人口減少とともに、近隣市町への人口流出が進んだ和歌山市では、市の中心部の衰退が一気に進んだ。行政はコンパクトシティーを打ち出し、中心市街地のにぎわいづくりに動き出した。これに呼応したのが、中心部に和歌山市駅を擁する南海電気鉄道(以下、南海電鉄:大阪市)だ。
南海電鉄と和歌山市
和歌山市駅の乗降数60年前の3分の1に
南海本線和歌山市駅は、1903年に開業し100年以上の歴史を持つ。地元では「市駅」の愛称で親しまれてきた。その乗降客数も、60年代の1日約5万人以上をピークに、近年は3分の1程度にまで減少していた。

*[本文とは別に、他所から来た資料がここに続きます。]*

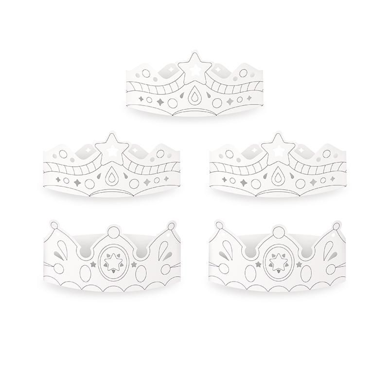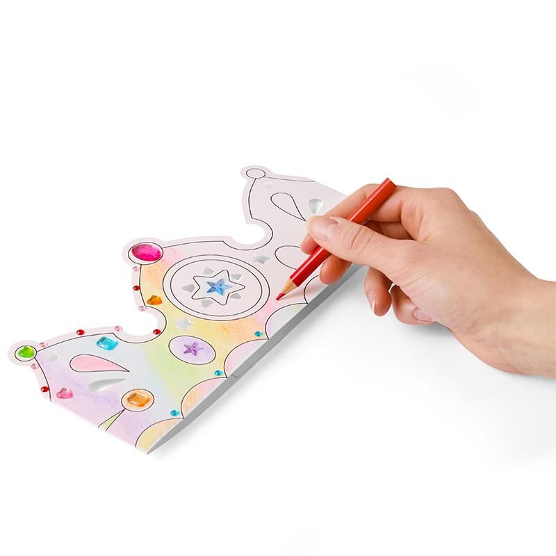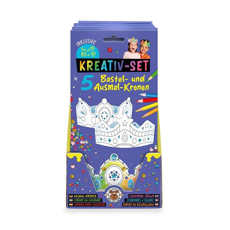 • Inhalt: 5 Papierkronen in 2 Designs, 85 funkelnde Diamantsticker sowie 5 Buntstifte.
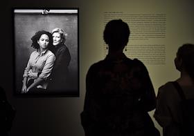 Посетители на церемонии открытия XI Международного месяца фотографии в Москве "Фотобиеннале-2016" в Мультимедиа Арт Музее. Выставка работ фотографа Энни Лейбовиц (Annie Leibovitz).
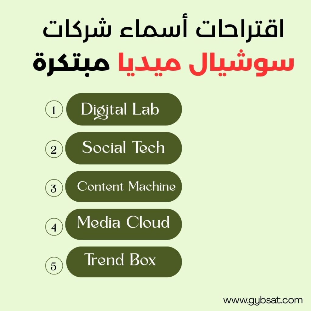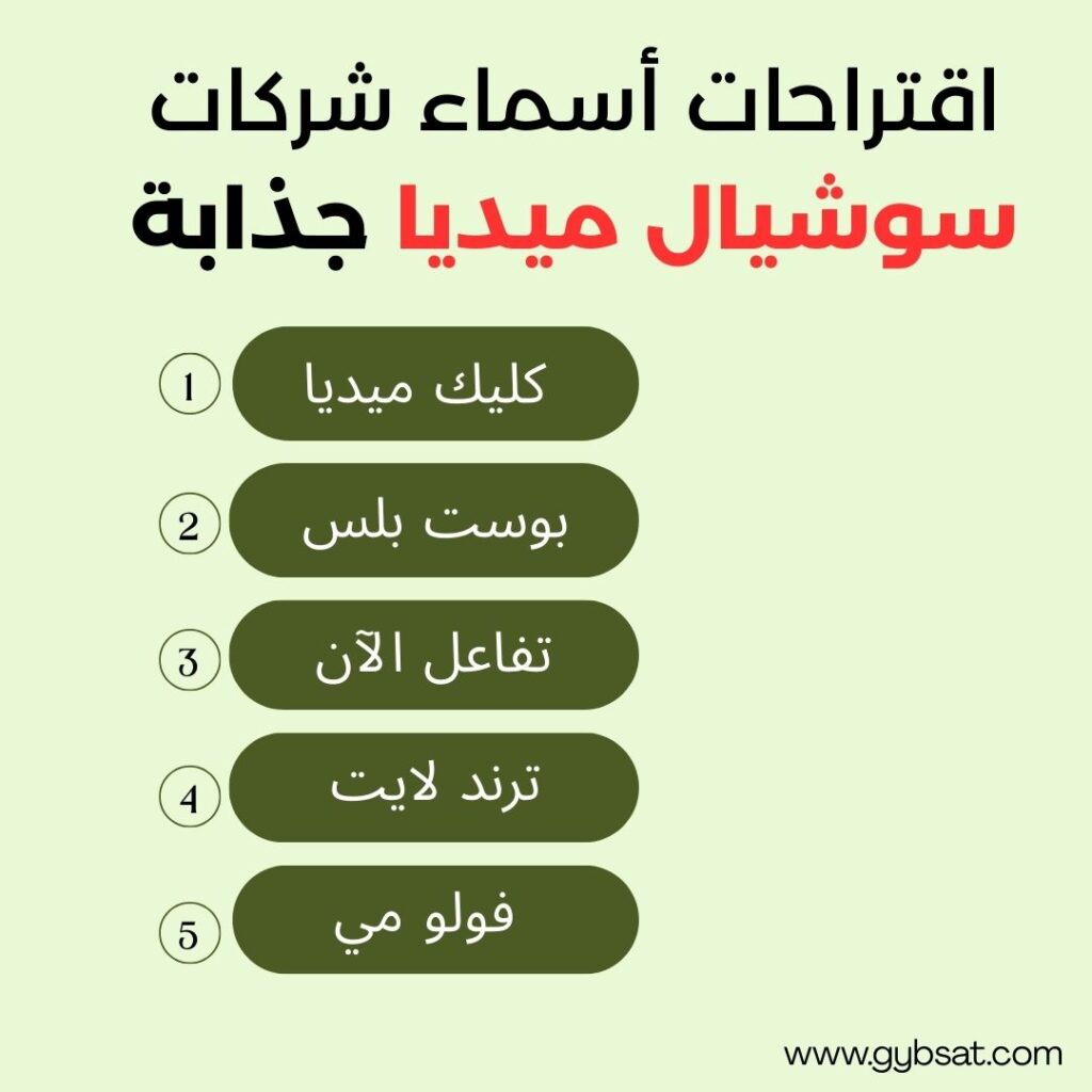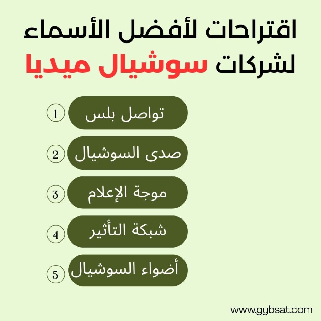 من أفضل أسماء شركات السوشيال ميديا: ترند، سوشيال بلس، ديجيتال موجة، سبوت لايت، نمو، تفاعل، كليك، براند بوست، إنفلوانس، فيرال، بوست أب، ميديا لاين، جروث هَب، سمارت سوشيال، فيجن ميديا، نيوترندز، كنكت، ديجيتال سبارك، رفعة، تسويق، أونلاين، إبداع، تأثير، انتشار.
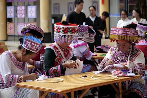 参赛选手杨琼英表示:“能在这么大的舞台上展示祖辈传下来的手艺,既紧张又自豪。现在党和政府这么重视非遗保护,我们更要用心把苗绣技艺传承好。”
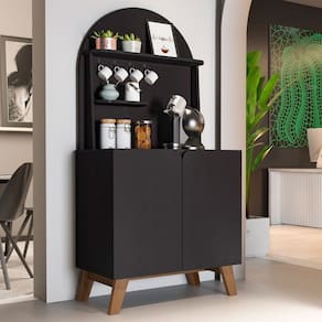 O(a) Balcão Buffet Bali 2 Portas 3 Prateleiras Preto - Artely Móveis é produzido em MDF e MDP na escala de brilho Fosca com Textura, e possui um grau de dificuldade de montagem: Médio.
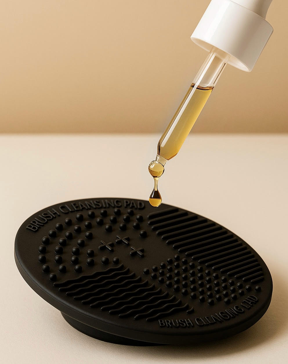 - Add 1 dropper, soak 10–15 min (dense brushes may need a second soak).

和歌山市では、郊外のロードサイドで大型商業施設の開設が相次いだ。それに従って、住民の買い物先はまちなかから郊外に広がった。まちなかの人口減少が進むにつれ、中心市街地に空き地ができると、多くの場合、駐車場として運用された。その結果、にぎわいがさらに遠のいた。
南海電鉄にとっても和歌山市駅周辺の衰退を見過ごすことはできなかった。同社は、和歌山市と協議し、市の玄関口としてふさわしい駅施設と、まちなかの再生を目指すことで一致した。2015年、和歌山市と南海電鉄は、和歌山市駅活性化計画を発表し、官民連携で和歌山市駅の再開発に取り組んだ。